Cz ∧ Cn ∧ Se ∧ Ac0 → R0↾
Cz ∧ Cn ∧ Se ∧ Ac1 ∧ D1 → R1↾
We ∧ Se ∧ Ac1 ∧ D0 → R2↾
R2 ∨ vzx ∧ R0 ∨ Cz ∧ Cn ∧ Cw → Ae⇂
The pass transistor intermediate forward drivers micro-optimization can be used to drive Sc0
using R0 and R1 . After that, the pass transistor gated forward driver can be used to generate the
counter decrement command. More specifically, the counter may be decremented by R0 or R1 ,
158
but only when it is not empty.
@R0 ∧ ¬_R0 ∨ @R1 ∧ ¬_R1 → Sc0↾
¬@R0 ∧ _R1 ∨ ¬@R1 ∧ _R0 → Sc0⇂
Sc1 = R2
@Sc0 ∧ ¬vzx → Cd↾
¬@Sc0 ∧ vzn → Cd⇂
vzx → Cd⇂
When the counter decrement command is acknowledged by the counter, that acknowledgement
is stored into a latch for use next cycle.
¬vz ∨ ¬Cn → vn↾
¬vn ∨ ¬Cz → vz↾
vz ∧ Cn → vn⇂
vn ∧ Cz → vz⇂
During the reset phase of the forward drivers, all three have sent an output request and therefore
must wait for the output acknowledge on Se . R0 and R1 decrement the counter when it is not
zero, which means that either vz and vn have not changed when the counter acknowledged with
Cn or vz is set by an acknowledgement on Cz . Finally, R0 acknowledges the input and must wait
for the input request on Ac0 to reset. Thankfully, this condition is mutually exclusive from the
counter decrement. Meanwhile, R1 just skips in this case. Since vzx and vnx provide a stable
view of the counter, they can be used directly to check for this skip condition.

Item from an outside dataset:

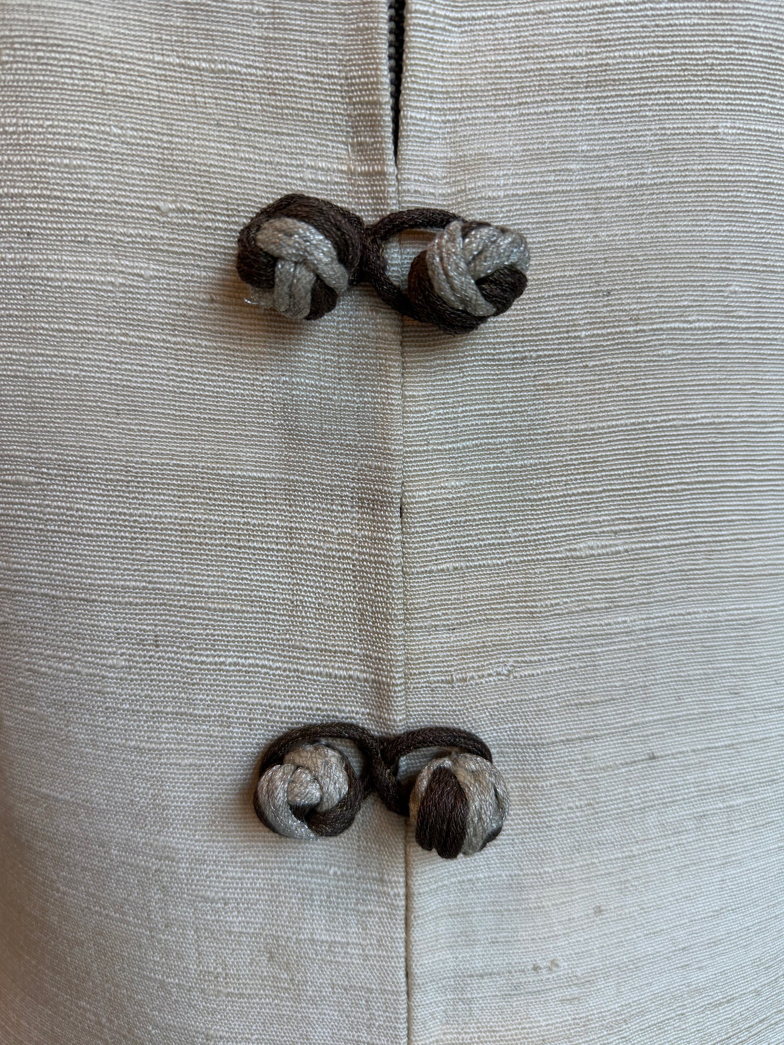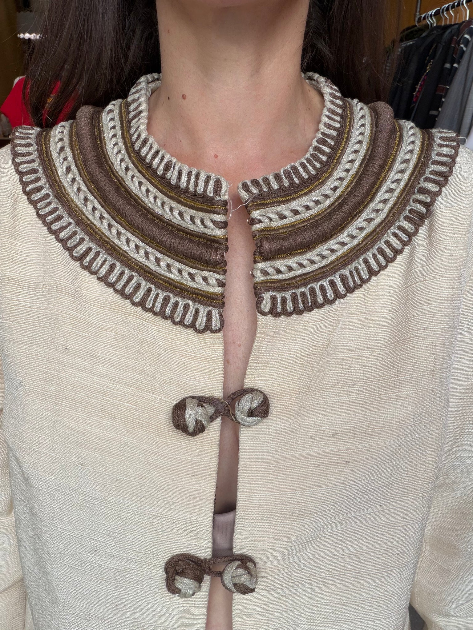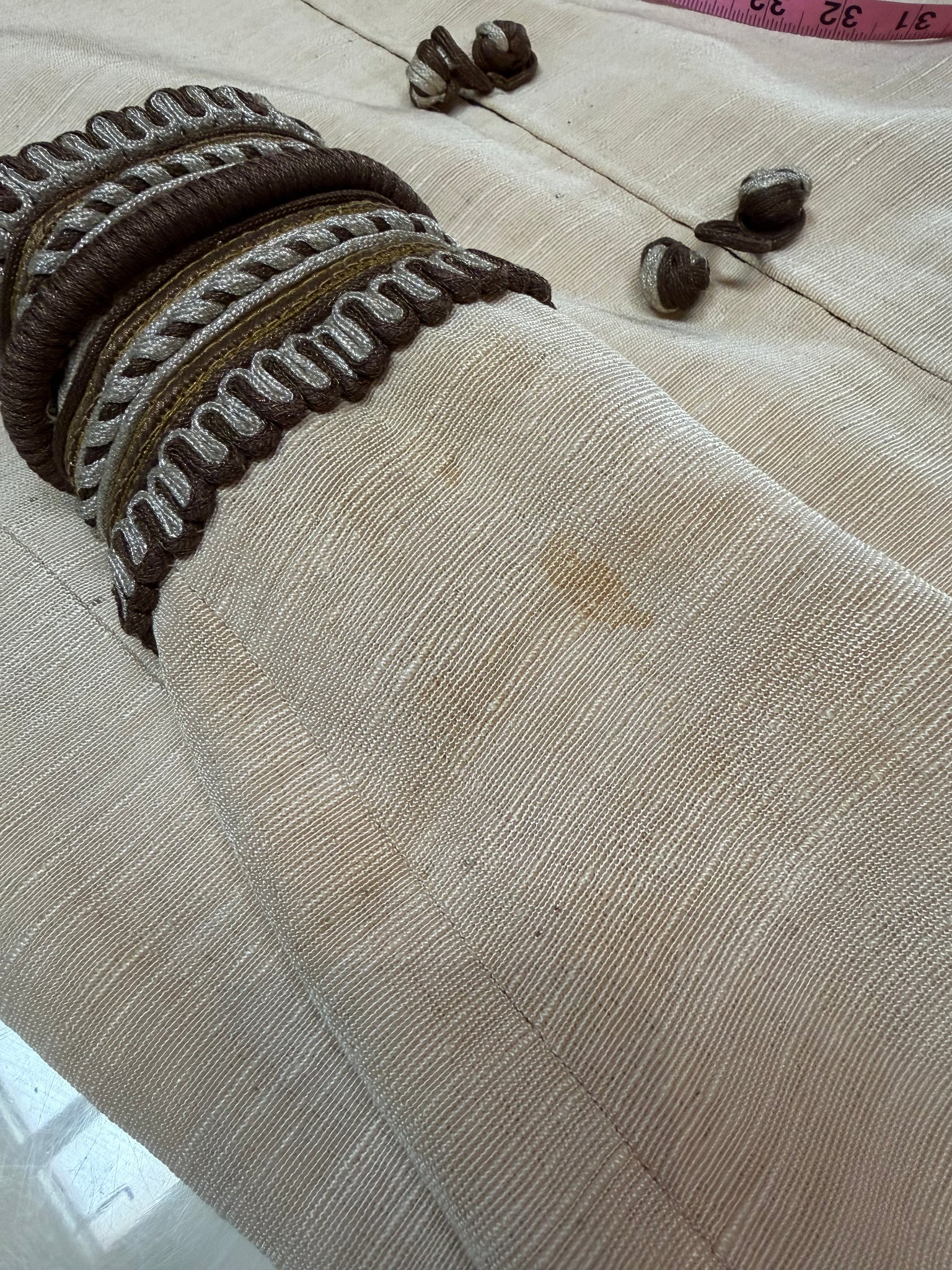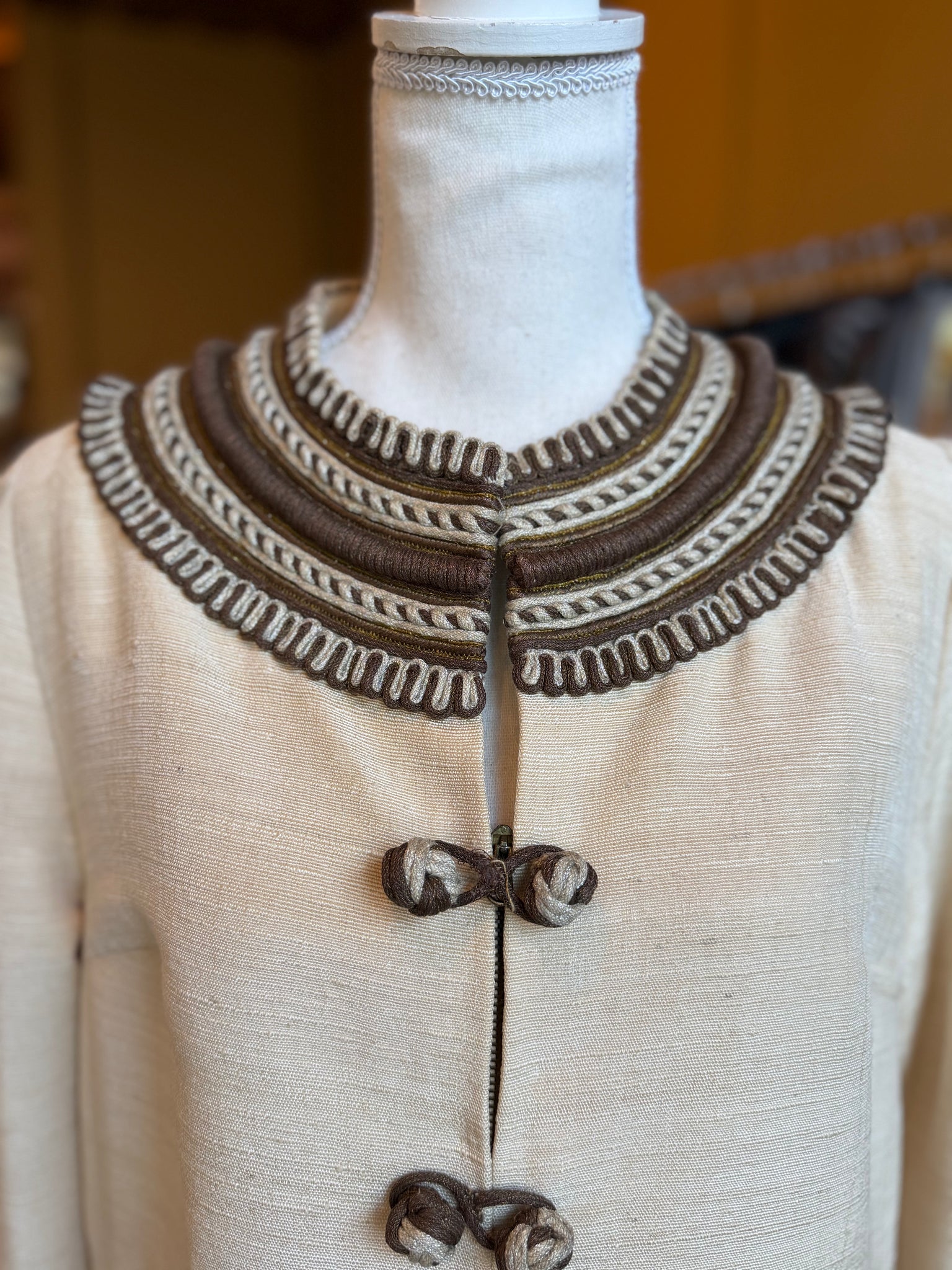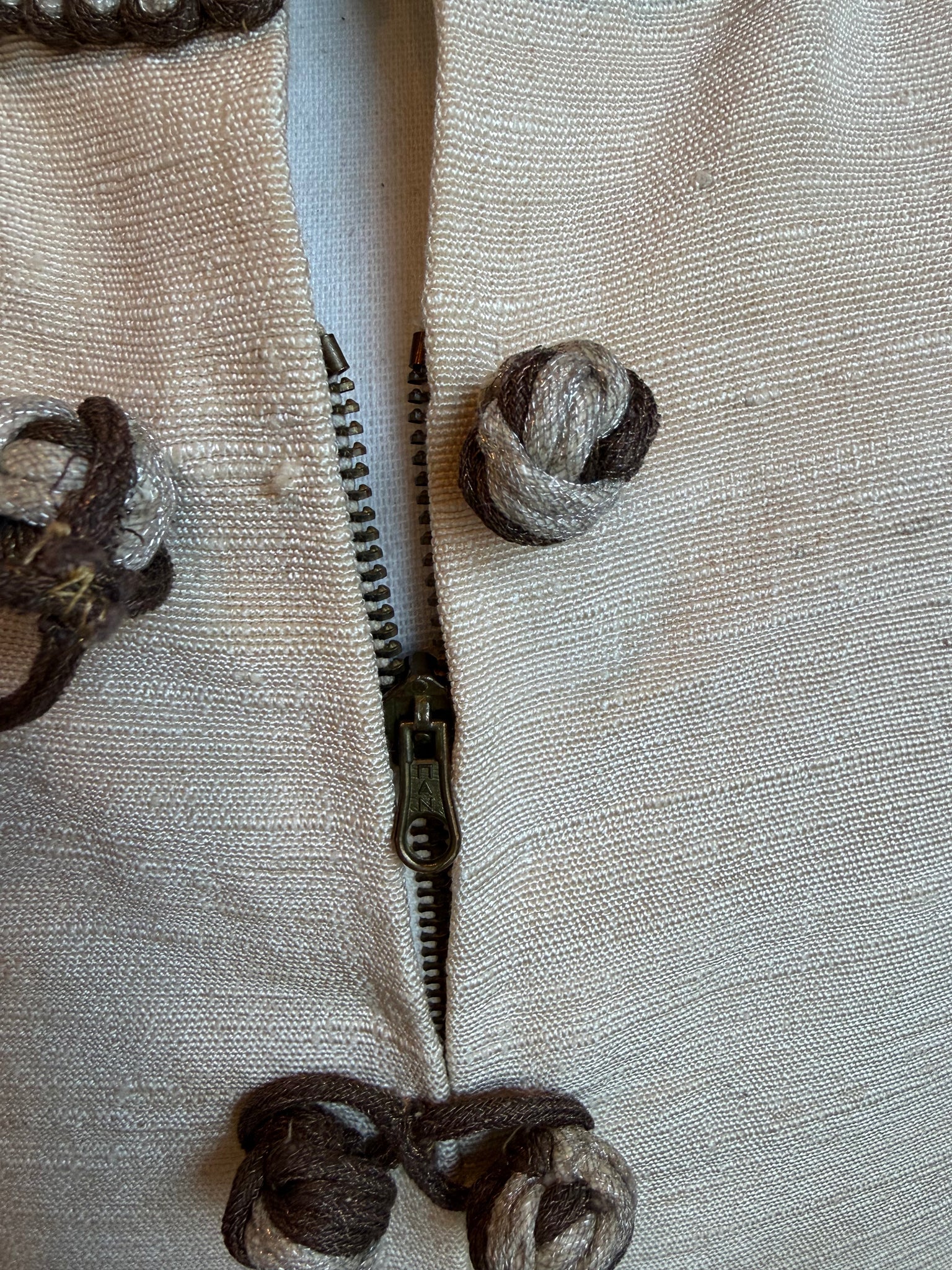 Incredible vintage raw silk duster made in Athens, with chord detail on collar, cuffs and buttons. Zips all the way up, but can be worn open or just with buttons. *One small spot on sleeve, as pictured, otherwise excellent condition. Has been professionally cleaned.

¬Se ∧ (¬vn ∧ ¬Cz ∨ ¬Cn ∨ ¬Ac0) → R0⇂
¬Se ∧ (¬vn ∧ ¬Cz ∨ ¬Cn ∨ ¬vnx) → R1⇂
¬Se ∧ ¬We ∧ ¬Ac1 → R2⇂
¬R2 ∧ (¬vzx ∨ ¬R0) ∧ (¬Cw ∨ ¬Cz ∨ ¬Cn) → Ae↾
The behavior implemented by R2 is rather special. Of note is the interaction between the
counter write and the output of the cap token with Sc1 . Specifically, Sc1 must be allowed to
reset before Cz or Cn acknowledge the write request. If not, then it introduces two undesirable
behaviors. First, it would emit a token on the output during reset before any input had been
received. Second, each shift operation would have to wait for the next one to be ready before
completing. This means that the final shift operation would never complete. Therefore, an extra
half-buffer must be inserted between the shifter and the counter during the write command with
Sc1 as the input request, Cw as the output request, and We as the input enable. The output
acknowledge is stored in vz and vn with the standard completion detection.
159
Cz ∧ Cn ∧ Sc1 → Cw↾
Cw → We⇂
¬Sc1 ∧ (¬Cz ∧ ¬vn ∨ ¬Cn ∧ ¬vz) → Cw⇂
¬Cw → We↾
Take note that R0 and R1 do not acknowledge We because the input enable Ae is held low
by Cw until the write command has been acknowledged. This is necessary because the pull-down
stack for Sc0 is already five transistors long without We .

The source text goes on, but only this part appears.